Что говорить – он был счастлив неосознанным и совершенным счастьем сродни тому, какое случается в детстве. Он больше не был один – это раз. Два – в саду на заросших холмиках грядок начала поспевать клубника! Йозеф никогда ещё не задерживался на даче так глубоко в лето. Звонкие голоса детей и радио на соседних дачах бывали настолько мучительны для его слуха, что он сбегал. Но в этом году каникулярный шум не раздражал его.
В день летнего солнцестояния, почуяв волшебную силу даты, Йозеф впервые вышел за калитку и с любопытством прислушался, как на другом конце улицы правление садового товарищества обсуждает вопрос укладки асфальта. Грозовой шум сходки восхитил его своей раскатистой, подобной горному эху фактурой.
Ближе к ночи Йозеф по обычаю закрыл окна и сел за пианино. К середине первой прелюдии паломники собрались, но что-то было не так между ними. Йозеф вгляделся и увидел, что Отка плачет.
Иногда она подносила руку с утюгом к лицу и тыльной стороной ладони утирала слёзы. Сквозь жёсткий и ветреный, с льдистой крошкой дождь её бессильного отчаяния Йозеф различил жалобу: подожгли загончик в лесу!
Погибла собака. «Ну да – она ведь молится за животных…» – думал Йозеф, рассеянно перешагивая из прелюдии в фугу, – и вдруг ощутил холодок пустоты. Он поспешно обвёл мыслью собравшихся: были Валера и Марианна и ещё десяток видимых не столь четко, но всё же знакомых Йозефу лиц. Но Отки он больше не различал – она выпала из пространства музыки.
Йозеф подумал, что она отлучилась на время – повесить в шкаф выглаженную рубашку, и решил дождаться её возвращения. Это был самый долгий клавирабенд из всех, что когда-либо ему доводилось отыгрывать. Под утро он закрыл пианино и вышел в зелёный сумрак июня. Ещё не успело стемнеть, а уже светало.
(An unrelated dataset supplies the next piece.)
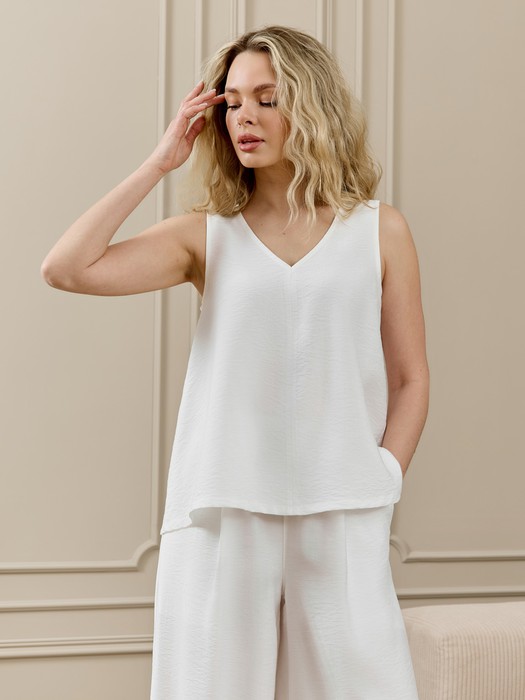 Блуза -топ из гладкокрашеного фактурного полотна средней длины, расширенный книзу, с горловиной v-образной формы. Полочка и спинка - со средними швами. Горловина и проймы окантованы основным материалом, низ изделия обработан подгибкой.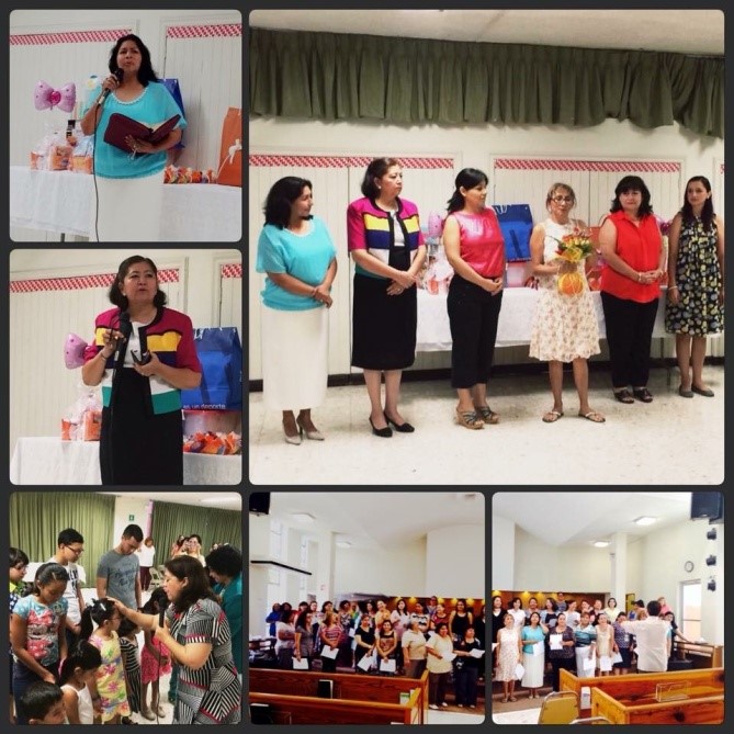 Recordando con mucho cariño y admiración a nuestras hermanas, mujeres auténticas, siervas fieles y consejeras, me refiero a las hermanas Marina Zapata de Esparza quien ya se encuentra en la presencia del Señor, a nuestra hermana Elia Zúñiga de Rosas, y Martha Palacios de García, un reconocimiento a su labor y arduo trabajo, quienes compartieron su experiencia como esposas de obispo, exaltando el nombre de nuestro Señor Jesucristo y dejando claro que vale la pena entregarnos al servicio sabiendo que nuestro trabajo no es en vano, tomamos un tiempo para orar por ellas y bendecir sus vidas, vivimos bellos momentos de oración a cargo de nuestra hermana Norma Martínez de Torres, por las esposas de pastores que están en espera de bebé y por los hijos de pastor, fue un tiempo de bendición.

Тревожная мысль пришла ему в голову: раз он видел в жизни Марианну и Валеру, значит, и Отка есть на земле. Может быть, нужно выйти из цветущего, огороженного забором склепа на волю и с ветром перенестись в Москву? Людям свойственно помогать друг другу. Вероятно, это правило относится и к нему.
Мысль о поисках Отки была столь новой и беспокойной, что Йозеф даже не попытался уснуть. Он встретил солнце, подёргал траву на заросших грядках с клубникой. Постоял у смородинных кустов, глядя, как дочка соседа играет в саду.
После полудня почувствовал голод и вспомнил, что ничего не ел со вчерашнего дня – только глотал воду прямо из кувшина. На кухне нашлась прошлогодняя гречка. Йозеф поболтал её в миске с водой и горстями переложил в термос. На ладони налипли зёрна. Он разглядывал их с пристальным интересом, пока не вспомнил, что кашу надо залить кипятком.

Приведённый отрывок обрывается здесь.